Il convient de souligner le rôle joué par Marc Spautz, président du groupe parlementaire du CSV. La commission parlementaire du travail et de l’emploi, présidée par M. Spautz, se penchera sur le projet de loi de M. Mischo dès que l’avis du Conseil d’État sera disponible. Ce lundi, sur RTL Radio, M. Spautz a laissé entendre que le texte pourrait être modifié de manière à ce que la journée de huit heures ne soit applicable que dans le cadre de conventions collectives conclues avec les syndicats. Il est allé encore plus loin en réitérant son idée d’un « paquet global » sur lequel il faudrait rechercher un accord avec les partenaires sociaux : du travail dominical et des horaires d’ouverture des commerces à l’organisation du temps de travail, en passant par les conventions collectives. Le programme du gouvernement ne mentionne que des objectifs, sans préciser les moyens de les atteindre.

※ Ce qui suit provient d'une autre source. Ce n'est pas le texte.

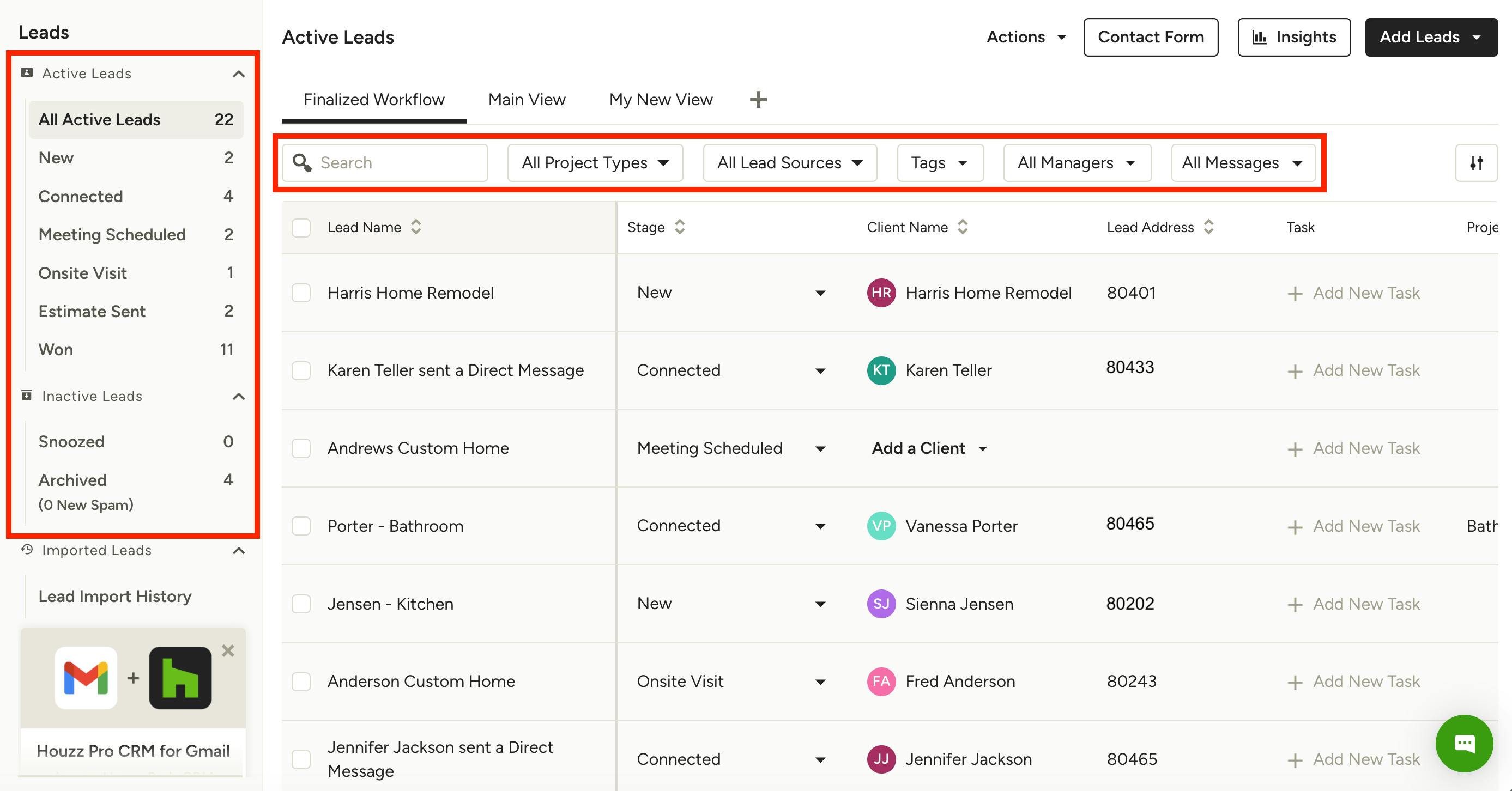 Within the Leads section of Houzz Pro, you can easily manage your lead information and communication to ensure your business stays on top of all potential clients. With messages, notes, files, estimates/proposals and more, you have the best possible tools available to convert leads to actual clients.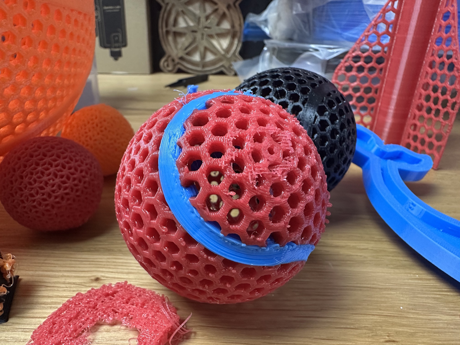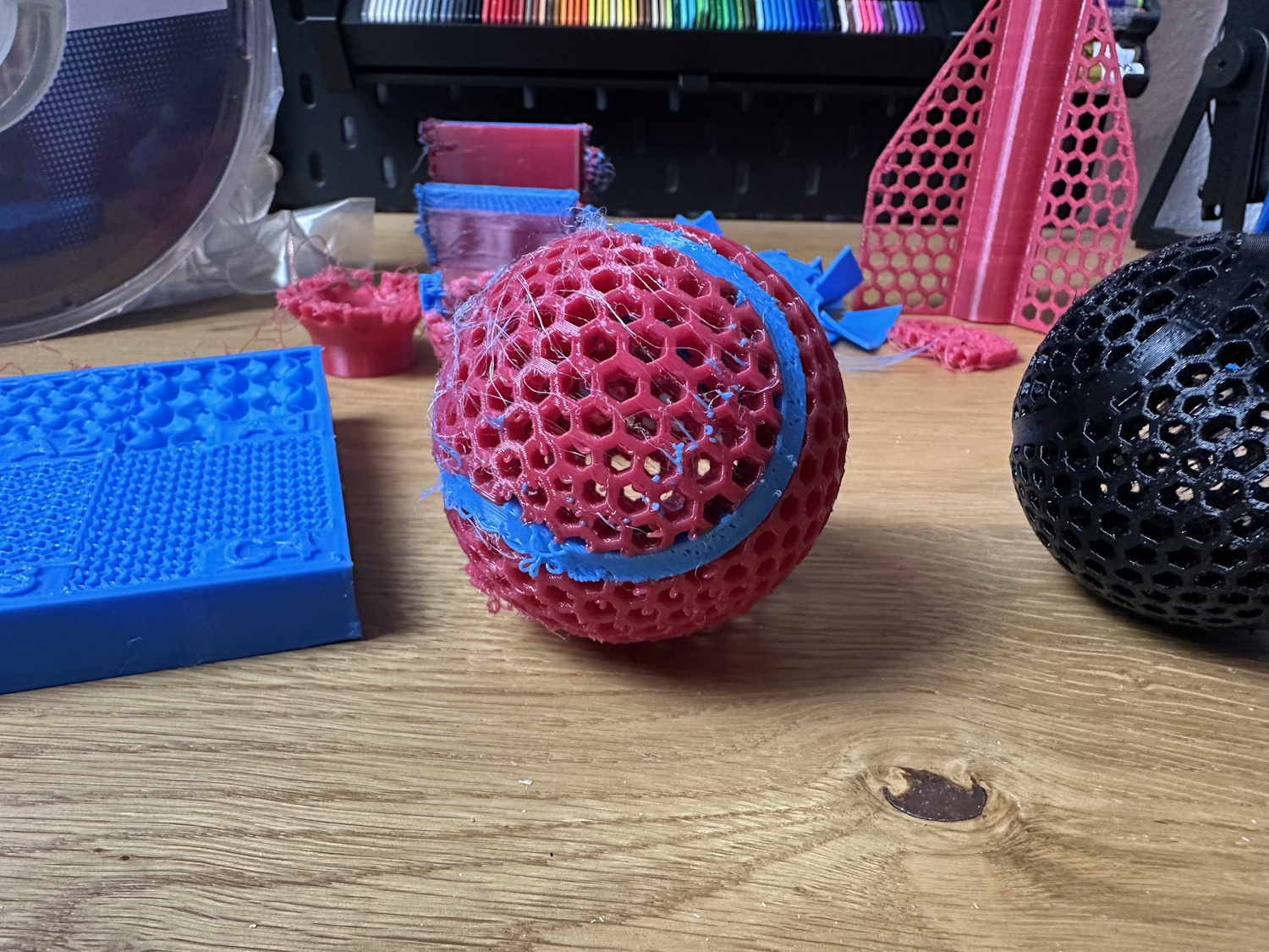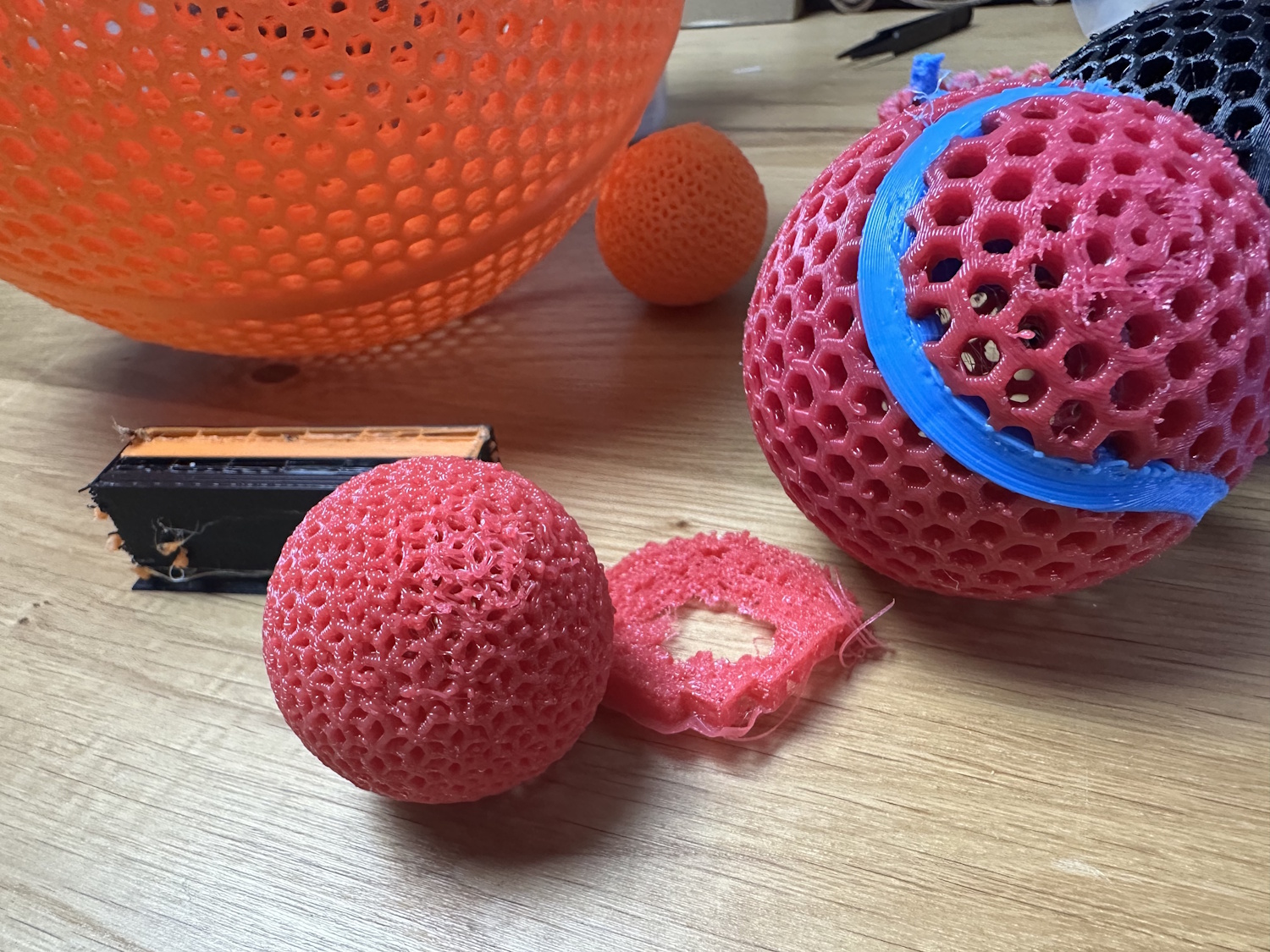 Wir haben auch einige Modelle gedruckt, die man vorzugsweise mit flexiblem Material drucken kann. Gerade bei den Bällen und Wurfgegenständen ist PEBA mit dem erhöhten Rücksprungwert perfekt.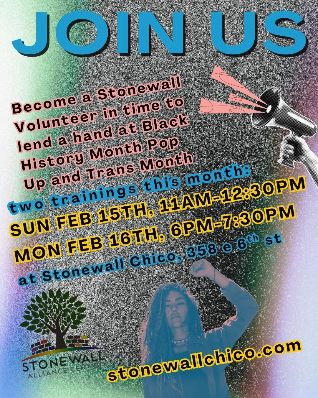 If you've been thinking about getting involved as a volunteer at Stonewall Chico, now's the time! We've got two opportunities to get trained coming up, both in time to participate as a volunteer at both the Black History Month pop-up on Feb 28, and our many Trans Month Events throughout March.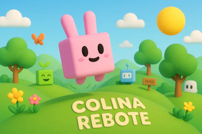 MINIHOPS es un mini cubito rosa con orejas, que no sabe estarse quieto. Vive en la COLINA REBOTE del MINIVERSO y organiza carreras de nubes al atardecer. Es risueño, curioso y siempre llega dando dos saltitos extra. Si hay silencio, el trae la risa. Si hay un problema, lo afronta con energía.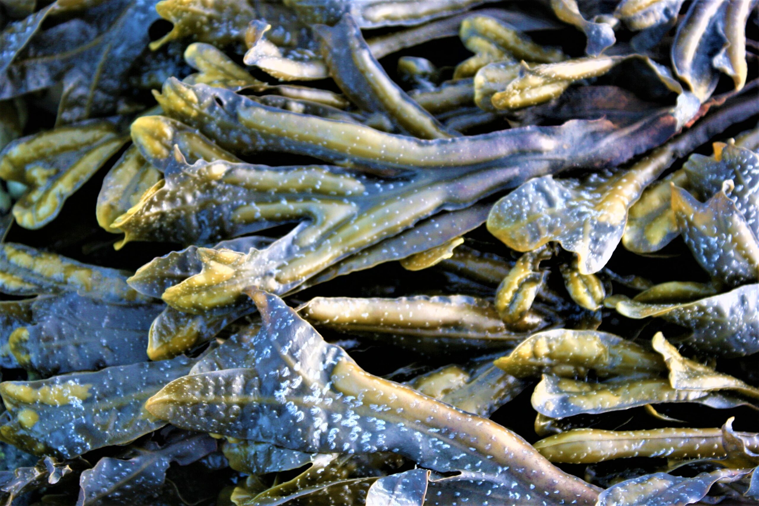 Horned wrack is closely related to other large brown intertidal seaweeds including bladder wrack and serrated wrack. However, Horned Wrack is restricted to growing in estuaries or near freshwater streams on the shore as it prefers a lower salt concentrationHorned Wrack does not have airbladders, but the side of the fronds are often inflated and branch out at the ends.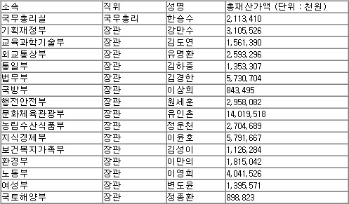 | ▲ 국무총리 및 국무위원 재산등록 현황 ⓒ프레시안 |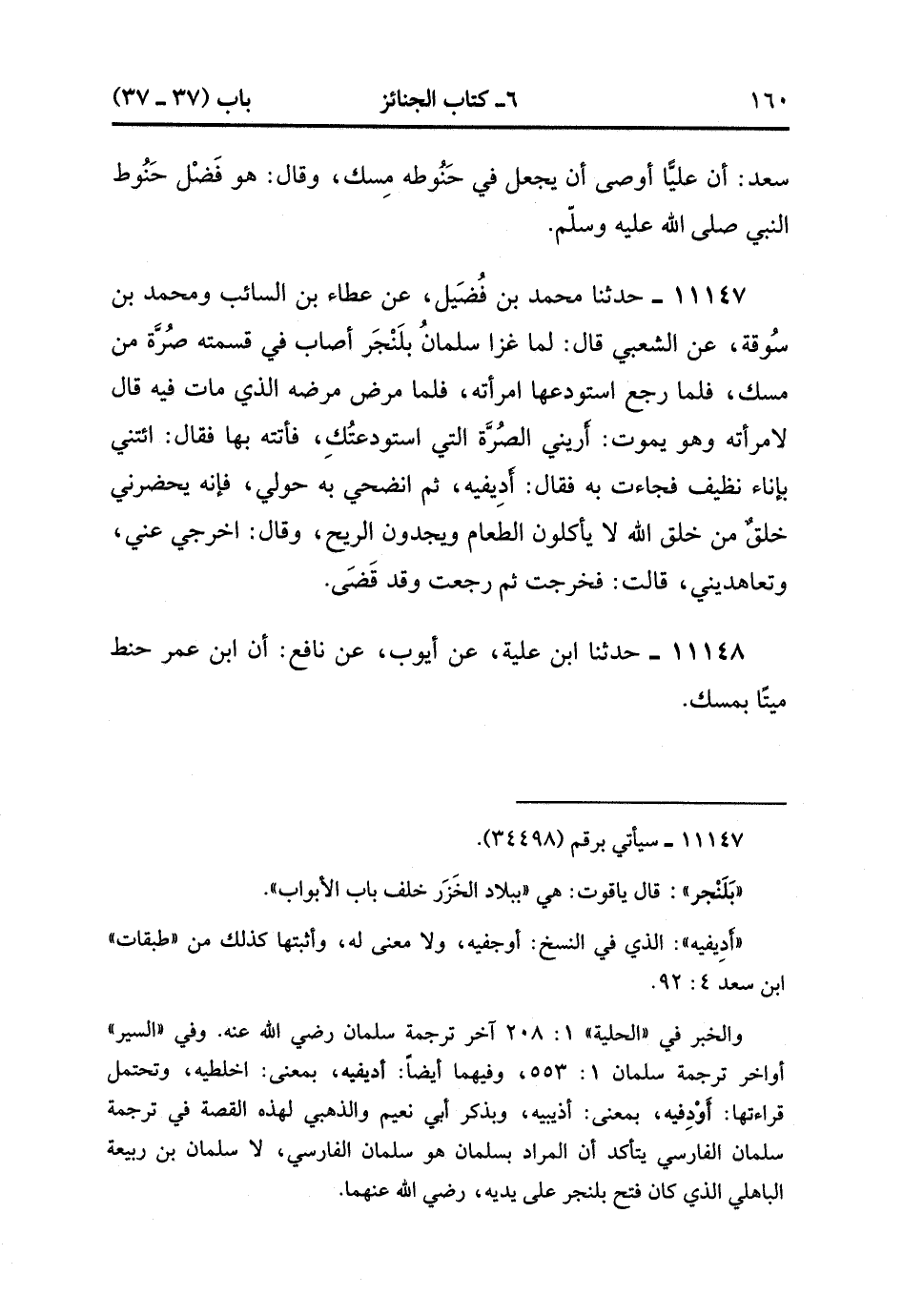 11147- حَدَّثَنَا مُحَمَّدُ بْنُ فُضَيْلٍ ، عَنْ عَطَاءِ بْنِ السَّائِبِ وَمُحَمَّدُ بْنُ سُوقَةَ ، عَنِ الشَّعْبِيِّ ، قَالَ لَمَّا غَزَا سَلْمَانُ بَلَنْجَرَ ، أَصَابَ فِي قِسْمَتِهِ صُرَّةً مِنْ مِسْكٍ ، فَلَمَّا رَجَعَ اسْتَوْدَعَهَا امْرَأَتَهُ ، فَلَمَّا مَرِضَ مَرَضَهُ الَّذِي مَاتَ فِيهِ ، قَالَ لاِمْرَأَتِهِ وَهُوَ يَمُوتُ : أَرِينِي الصُّرَّةَ الَّتِي اسْتَوْدَعْتُكِ ، فَأَتَتْهُ بِهَا ، فَقَالَ : ائْتِنِي بِإِنَاءٍ نَظِيفٍ فَجَاءَتْ بِهِ ، فَقَالَ : أَدِيفِيهِ ، ثُمَّ انْضَحِي بِهِ حَوْلِي ، فَإِنَّهُ يَحْضُرُنِي خَلْقٌ مِنْ خَلْقِ اللهِ ، لاَ يَأْكُلُونَ الطَّعَامَ ، وَيَجِدُونَ الرِّيحَ ، وَقَالَ : اخْرُجِي عَنِّي ، وَتَعَاهَدِينِي ، قَالَتْ : فَخَرَجْتُ ، ثُمَّ رَجَعْتُ وَقَدْ قَضَى.

Spautz a pris soin de présenter cela comme sa position personnelle. Il s’agit néanmoins d’un signal adressé au gouvernement et au Premier ministre. Cependant, mettre un terme aux projets déjà en cours et inclure dans le paquet de négociations une grande partie, voire la totalité, des mesures relevant de la rubrique « Travail » du programme de coalition irait à l’encontre de l’approche que Luc Frieden cultive et dont il se targue. Une semaine après la réunion de janvier avec Nora Back et Patrick Dury, il a déclaré lors de la réception du Nouvel An organisée par la Fedil que la table ronde sociale serait un exercice de « dialogue et d’écoute ». C’est ensuite au gouvernement de décider.

L’une des questions passionnantes qui se posent autour du dialogue social est de savoir dans quelle mesure Marc Spautz saura s’imposer dans son rôle. Cela permettra également de mesurer la force actuelle de l’aile sociale au sein du groupe parlementaire du CSV, ainsi que celle de la pensée sociale catholique au sein du parti dans son ensemble. Lors du congrès du parti à Ettelbrück, Spautz avait fait part de son désaccord avec la ligne du gouvernement concernant le travail dominical. À peine une semaine plus tard, il a réitéré cette position lors d’un discours prononcé en tant qu’invité au congrès de l’OGBL. Le lendemain, le ministre des Finances du CSV, Gilles Roth, a rappelé à la radio que le parti devait présenter un front uni vis-à-vis de l’extérieur. Mardi dernier, au sein du groupe parlementaire du CSV
, plusieurs membres ont interpellé Spautz au sujet de son intervention à l’OGBL. La réunion s’est conclue par la décision que le groupe parlementaire définirait sa position politique sur le projet de loi relatif au travail dominical dès que l’avis du Conseil d’État serait disponible. Cela peut signifier qu’une majorité partage les opinions de Spautz, mais ce n’est pas nécessairement le cas.

Au final, la question sera de savoir si Luc Frieden saura tirer parti, sur le plan politique, des initiatives de l’ancien secrétaire général du LCGB. Entre-temps, le partenaire de la coalition s’est également exprimé sur le dialogue social. « Il est important que les lois et les réformes concernant le monde du travail soient discutées au sein des instances qui ont été mises en place au fil du temps, et que nous y recherchions un consensus », a déclaré hier Carole Hartmann, présidente désignée du DP, sur la radio 100,7. Il n’était pas tout à fait clair si elle parlait réellement de consensus, car elle a ajouté : « Chacun devrait au moins avoir la possibilité de s’exprimer lorsque des annonces sont faites. » Mais Mme Hartmann a également estimé que « la table ronde sociale n’est pas tout » et qu’elle ne comprenait « pas vraiment quel devait être son objectif final ». Seul le Premier ministre le sait.